Have you ever found yourself running your code to test out some behavior when you noticed something unrelated and thought, “that’s odd?” Maybe you wanted to verify that clicking “run” kicked off the process it was supposed to, but you noticed that the “cancel” button was randomly green for a second when the window opened. “That’s odd,” you thought.
After verifying that the process was kicked off properly, maybe you re-launch the application to see about that odd, green cancel button. But when you open the window this time, nothing. It’s the normal color, with no sign of the green you noticed before. Again, you thought, “that’s odd.” And maybe, at that point, you shrugged, chalked it up to some weird OS rendering burp, and moved on.
You never knew why the button went green, and you never knew why you couldn’t reproduce it. This is a relatively benign version of the phenomenon known as “programming by coincidence.”

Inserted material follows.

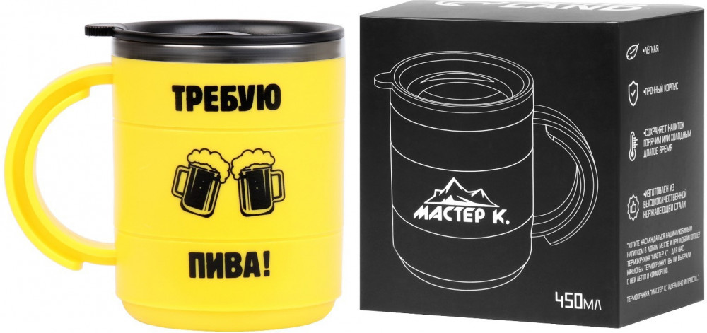 Мастер К Термокружка «Требую пива»В данный момент этот товар отсутствует в продаже. Возможно, у нас найдется аналогичный или похожий товар здесь. Термокружка — незаменимый помощник в повседневной жизни. Будь это дальняя поездка, обычная прогулка или просто рабочий день в офисе — любимый напиток всегда с собой. Изделие из прочной нержавеющей стали выдержит любые испытания в экстремальном путешествии или на весёлом пикнике. Термокружка станет практичным аксессуаром и отличным подарком для самых близких. |
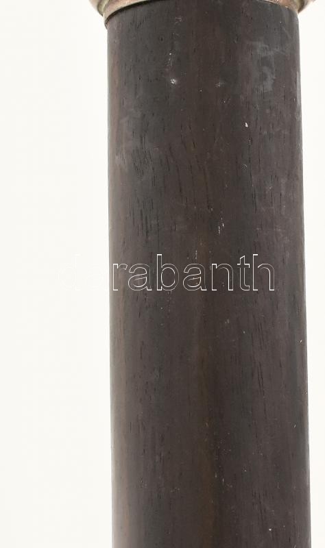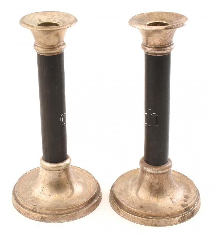 Leírás: Fém gyertyatartó pár ébenfa balüszterrel, kopottt m:22cm

“Programming by coincidence” was coined in the book, “The Pragmatic Programmer,” and they define it as “[relying] on luck and accidental successes” rather than programming deliberately. In the case of the mysteriously green button, the accidental success is the fact that the problem just kind of vanished on its own.
It’s probably no great surprise that the Pragmatic Programmer’s stance on programming by coincidence is “don’t do it.” It’s my stance as well, and I imagine a lot of you reading agree. And yet, it’s something we’ve probably all been guilty of at one time or another.
Programming By Coincidence FTW?
After all, “don’t program by coincidence” is a great operating principle, but we’ve all been at the office late and in “beggars can’t be choosers” mode. Everyone else has long since gone home, and you’re impossibly frustrated by a persistent bug with an expected fix timeline of “yesterday.” All out of bright ideas, you add a random call to log an empty string and, lo, a miracle! The bug is fixed! You run the app a few more times to make sure, and sure enough, still working. You delete the logger call, and the bug comes back. Put the logger call back in, bug goes way.
So you commit it and go home.
It’s 9:30, you haven’t eaten, and you just. don’t. care. anymore. Logging an empty string as a fix for the bug makes no sense, but, whatever, you’re going home. You check it in and call it a night, throwing the “don’t program by coincidence” aphorism out the window.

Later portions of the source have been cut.